Re: [PATCH v2 2/2] sh-setup: explicitly mark CR as a field separator

2015-10-27 Thread Johannes Schindelin
Hi Junio,

On Mon, 26 Oct 2015, Junio C Hamano wrote:

> I asked Dscho if the shell is done correctly _for_ the platform.

This assumes that the platform is either CR/LF or LF. That is incorrect.
Windows does *not* dictate the line endings to be CR/LF. Certain
applications do.

The shell is an MSys2 shell, and MSys2 convention is to use LF. Hence the
shell is done correctly for the platform.

Yet on Windows (and in cross-platform projects also on Linux and MacOSX),
you have to deal with the fact that text files produced outside the cozy
little shell can have different line endings.

As I said, I am uninterested in arguing for arguing's sake. Otherwise I
would shoot down your argument that LF in IFS "does not hurt" but CR
somehow magically does. I am sure it would be a helluva discussion and
fun. But I do not have the time.

What I really needed you to do indicate the way forward.

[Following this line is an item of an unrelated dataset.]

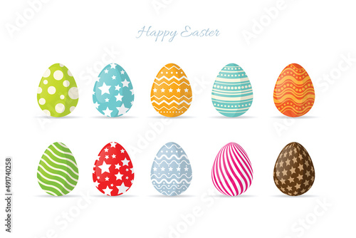 Happy Easter.Set of Easter eggs with different texture on a white background.Vector Illustration.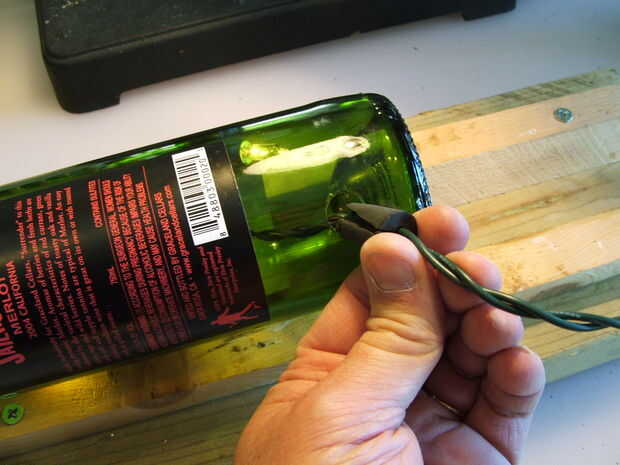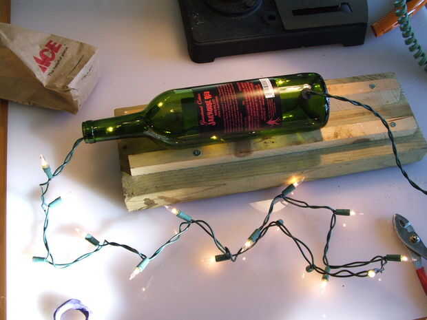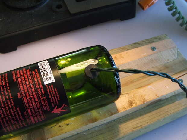cumplí un desecho base cereza y una botella de tequila de perdón... scratch que, vieja botella de vino, una botella de luz.Se calienta la habitación y es un gran uso de lo contrario desechar artículos.Ah, y necesito comprar un vidrio de perforación p

The patch you provided in the mail I am replying to fails to fix the bug.

Ciao,
Johannes
--
To unsubscribe from this list: send the line "unsubscribe git" in
the body of a message to majord...@vger.kernel.org
More majordomo info at  http://vger.kernel.org/majordomo-info.html


Re: [PATCH v2 2/2] sh-setup: explicitly mark CR as a field separator

2015-10-27 Thread Matthieu Moy
Junio C Hamano  writes:

> Matthieu Moy  writes:
>
>> Johannes Schindelin  writes:
>>
>>> This is the correct thing to do, really: we already specify LF as
>>> field separator.
>>
>> I'm almost convinced that this is the right thing to do in the long run
>> ("almost" because I'm not sure, not because I have arguments against). I
>> agree with Junio that the commit message should be more convincing, but
>> indeed, accepting LF and not CR is strange.
>
> If there were a single character that denotes CRLF, I'd say that
> including such a character in IFS would make sense on a system with
> CRLF EOL convention.  But that is not the case.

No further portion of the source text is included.